* **EXERCISE OBJECTIVE**:
Please reproduce exactly, and only, the lines from the one with "Ich fragte Gott, mir" through the last line of the listing below, both ends included, leaving out the pictures.

*** Opening of GIVEN DATA ***

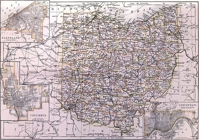Plate XXII. OHIO, the third of the States of the American Union in point of wealth and population, is situated between 38° 27′ and 41° 57′ N. lat. and between 80° 34′ and 84° 49′ W. long., and is bounded on the N. by Michigan and Lake Erie, on the E. by Pennsylvania, on the E. and S. by the Ohio river, which separates it from the States of West Virginia and Kentucky, and on the W. by Indiana. The greatest length from north to south is about 210 miles, the greatest breadth from east to west about 225 miles and the area 40,760 square miles.
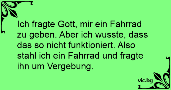 Ich fragte Gott, mir ein Fahrrad zu geben. Aber ich wusste, dass das so niсhт funktioniert. Also stahl ich ein Fahrrad und fragte ihn um Vergebung.
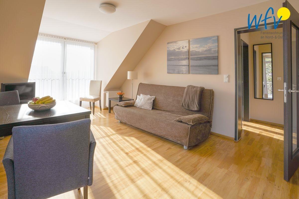 Urlaubszeit bedeutet Familienzeit! Freuen Sie sich auf gemeinsame Filmabende und ein gemütliches Beisammensein! Das Wohnzimmer der Ferienwohnung ist dazu mit einer großen Couch, einem modernen Flachbildfernseher, einem Radio mit CD+USB und freiem WLAN ausgestattet. Stilvolles Mobiliar - harmonierend mit dem hübschen Eichenparkett - und eine dimmbare Deckenbeleuchtung machen den Raum zu Ihrer persönlichen Erholungsinsel!

*** Close of GIVEN DATA ***

* **SOLUTION**:
 Ich fragte Gott, mir ein Fahrrad zu geben. Aber ich wusste, dass das so niсhт funktioniert. Also stahl ich ein Fahrrad und fragte ihn um Vergebung.
 Urlaubszeit bedeutet Familienzeit! Freuen Sie sich auf gemeinsame Filmabende und ein gemütliches Beisammensein! Das Wohnzimmer der Ferienwohnung ist dazu mit einer großen Couch, einem modernen Flachbildfernseher, einem Radio mit CD+USB und freiem WLAN ausgestattet. Stilvolles Mobiliar - harmonierend mit dem hübschen Eichenparkett - und eine dimmbare Deckenbeleuchtung machen den Raum zu Ihrer persönlichen Erholungsinsel!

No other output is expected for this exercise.